Besides a full time job with us, Steph Clarke was busy.

She and her husband James started and ran the hugely significant hyperlocal blog WV11. Both volunteered to run their local community centre and she was a driving force on the board of the local charity Hands on Wednesfield.  Steph had just raised more than £5000 for new Christmas lights for her local high street – even though James thought she was pushing her luck on that one.

She seemed to almost effortlessly run a photography business on the side, helped with her local (and large ) photography club, made the Wolverhampton Social Media Surgery happen and supported a range of home school groups. Steph organised voluntary events for Big Lunch Extras, got stuck into making new things happen through Make Shift in Wolverhampton and sorted regular social nights for her and her friends.
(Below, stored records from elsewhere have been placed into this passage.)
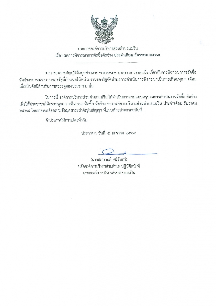 ผลการพิจารณาการจัดซื้อจัดจ้าง ประจำเดือนธันวาคม 2568
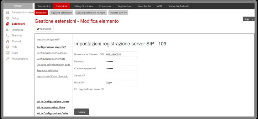 2. Un’alternativa è la configurazione dei numeri DID del range ES. 04321690050-04321690059 come Nome utente / Numero DID sotto
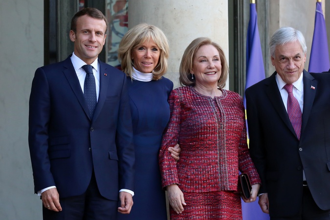 Emmanuel Macron, Brigitte Macron, Sebastian Pinera, Maria Cecilia Morel Montes
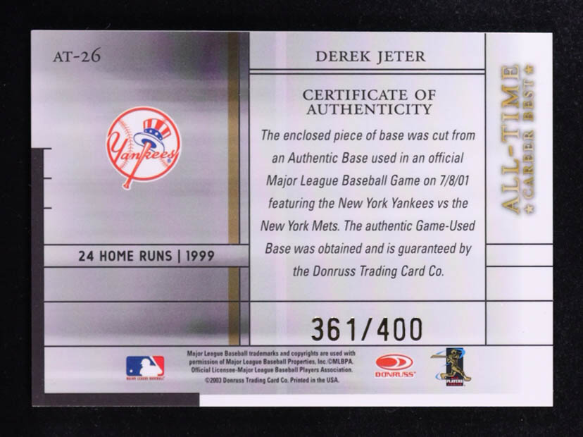 Derek Jeter 2003 Donruss Elite All-Time Career Best Game-Used Base #AT-26 #361/400

In between she never flinched from standing up for injustice (as anyone on the very sharp end of her unflinchingness will tell you) or caring for someone who might not even know that they needed a kindness.

Above all though she was a wholeheartedly committed wife, mother, daughter, grand-daughter and sister.   Loyalty was at her core.

So did Steph come to work for a rest?

The truth is that she was too restless to be all that good at resting.  Her commitment to what we do at Podnosh was total.  Throughout the 5 years she worked here Steph was happiest when we were stupidly busy.  She loved learning new things, solving problems, seeing work through – sometimes with very gritted teeth.  She could not fail to connect her different worlds of work and volunteering and home to make them all work better. She helped and connected people almost casually and her stock pot of social capital was rich and full of flavour.

Our company values are: Think, Make Things Better and Give a ****.  She relished telling people that, especially the sweary bit. She blogged to her friends:

“What do I do? I think, I make a difference, I give a f**k! – and I’m really proud of that!”

She embodied these values and at times scolded me (respectfully, he’s “the boss’) if I wasn’t doing the same.  (She could smell hypocrisy at a 1000 yards and might need talking down from shouting it out every time she sniffed it).

Most days that we worked together ended the same.  She’d head off to do another days work in her life and I’d say ‘thank you’.  I wasn’t really thanking her for the work she’d done.  It was for her being generous enough to bring all of the intensity and decency of herself to work.

Last Thursday our working day ended differently.  So here I’d just like to say one final ‘thank you, Steph’ x.

 

 

 

(Steph Clarke died on Friday November 25th after falling ill the previous day)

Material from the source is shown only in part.